We installed this custom water feature on a client's boat dock project. A 5 horse jet pump sucks water from the lake and pumps it into a negative edge catch basin upstairs. When the water overflows it creates the waterfall which is in front of the downstairs swim platform.


----------



## Mississippiplum (Sep 30, 2011)

Damn I bet that has a nice little price tag

sent from the jobsite porta-potty


----------



## Widdershins (Feb 5, 2011)

NewSchool said:


> We installed this custom water feature on a client's boat dock project. A 5 horse jet pump sucks water from the lake and pumps it into a negative edge catch basin upstairs. When the water overflows it creates the waterfall which is in front of the downstairs swim platform.


 I did a similar feature about 20 years ago using pretty much the same devices you describe INSIDE of a residence.

It lasted about a week before the humidity pretty much ruined his art collection.
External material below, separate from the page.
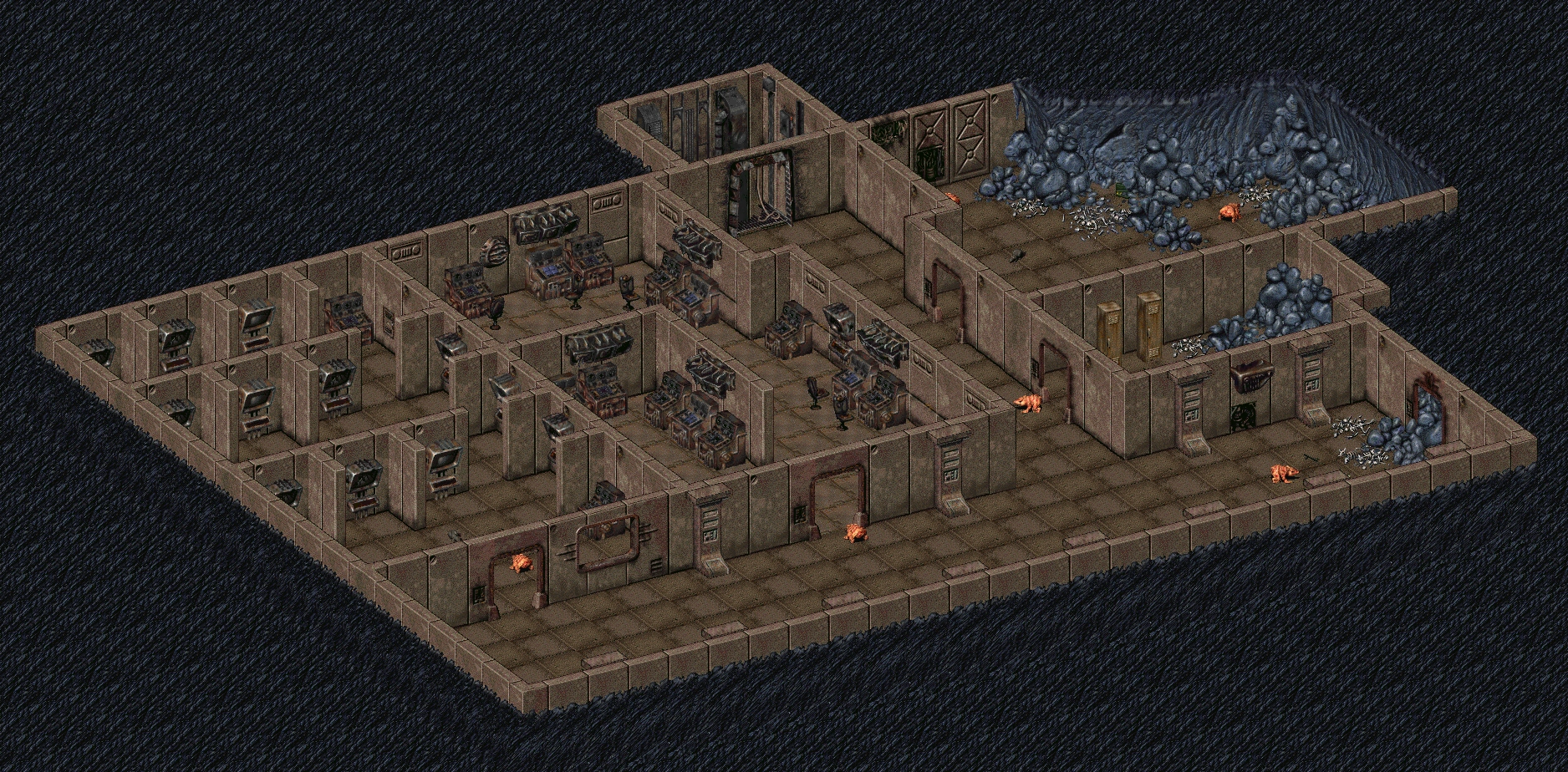 The command center has been excavated, cleared, and repaired. The security and computer center were adapted by Darion as his personal quarters. The storage room holds the computer parts the NCR seeks.

I'm pretty sure that's still being litigated to this very day.


----------



## DUNBAR PLUMBING (Sep 11, 2008)

NewSchool said:


> We installed this custom water feature on a client's boat dock project. A 5 horse jet pump sucks water from the lake and pumps it into a negative edge catch basin upstairs. When the water overflows it creates the waterfall which is in front of the downstairs swim platform.


 

Got a shot from the top down... That is definitely interesting. I guess they don't like to fish from that platform though.


----------



## NewSchool (Jan 8, 2012)

I wish I did but I don't.

The pump only runs when they want it to with the flick of a switch. It stays primed because of the 10' head going up to the basin above.


----------